Wondering if anyone has had bike bib shorts altered? I need a the suspenders shortened a bit. TIA


----------



## JCavilia (Sep 12, 2005)

Should be easy. I don't wear bibs (just regular shorts), but I've altered many articles of my cycling clothing, including jerseys, shorts, tights, legwarmers, etc. If you don't have a sewing machine and the skills to do it yorself, any competent tailor should be able to handle it. Shortening bib suspenders is simpler than most alteration tasks.


----------



## velogirl (Oct 14, 2005)

any tailor should be able to do it for you.

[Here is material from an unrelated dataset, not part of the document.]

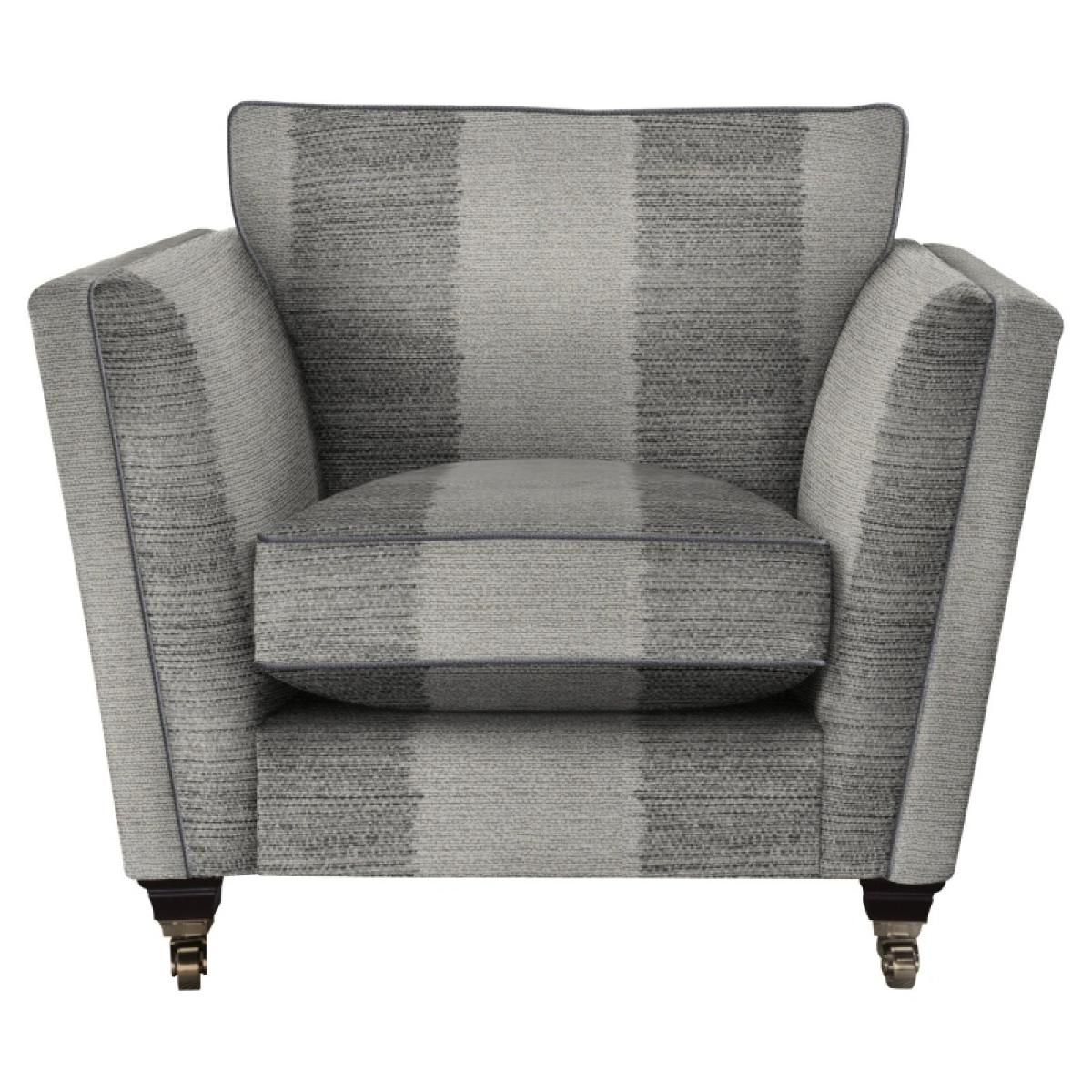 The Parker Knoll Harlow Fabric Armchair brings together classic sophistication and superior comfort, making it a standout piece in any home. Upholstered in premium-quality fabric, this beautifully tailored armchair features graceful curves, refined piping details, and deep, indulgent seat cushions for a truly luxurious seating experience. With its sumptuous comfort and exquisite craftsmanship, the Harlow Fabric Armchair is a timeless investment, perfect for those who appreciate classic design and luxurious materials. Whether as a standalone statement piece or paired with the Harlow collection, it offers unmatched style and comfort. KEY FEATURES: Premium Upholstery – Crafted from the finest materials for a rich, timeless look and long-lasting durability. Tailored Elegance – Crisp lines, subtle tufting, and piping details add a refined touch. Unrivalled Comfort – Deeply cushioned seat and supportive backrest provide all-day relaxation. Customisable Finish – Choose from a selection of castor leg options and wood finishes to complement your interior. Handcrafted to Perfection – Expertly made with a solid hardwood frame for superior stability and longevity. Foam seat cushions are standard, and the back cushions are fibre for that extra comfortable feeling. Beech feet are available in a choice of mahogany, cherry or teak with either chrome or brass castors. Seat and back cushions are loose and reversible. DIMENSIONS: Height: 92cm Width: 110cm Depth: 102cm Seat Height: 52cm Seat Width: 63cm Seat Depth: 58cm Arm Height: 74cm All screens vary in colour reproduction and whilst every effort has been made to display the colour as accurately as possible it is for guidance only. This image is only an indication of what the cover would look like and is not a true representation. You should always request a swatch sample.

if you have a shorter upper body (as most women do and some men do as well), I recommend purchasing women's bibs. the only significant difference is that the bib itself if shorter. of course, finding women's bibs retail is often a challenge.


----------



## Guest (Sep 23, 2009)

As noted should be easy, I would expect most anyone who can sew to be able to do it. If I was doing it before I cut or permanently altered the straps I would just double them over to what I thought was the right length and hand stitch them enough to hold the fold in place. Then you can go out and ride them to see if the fit is what you want. If the extra fabric is bothersome then once you have the fit sorted you can do a cleaner more permanent modification.


----------



## wipeout (Jun 6, 2005)

Or just use a safety pin...


----------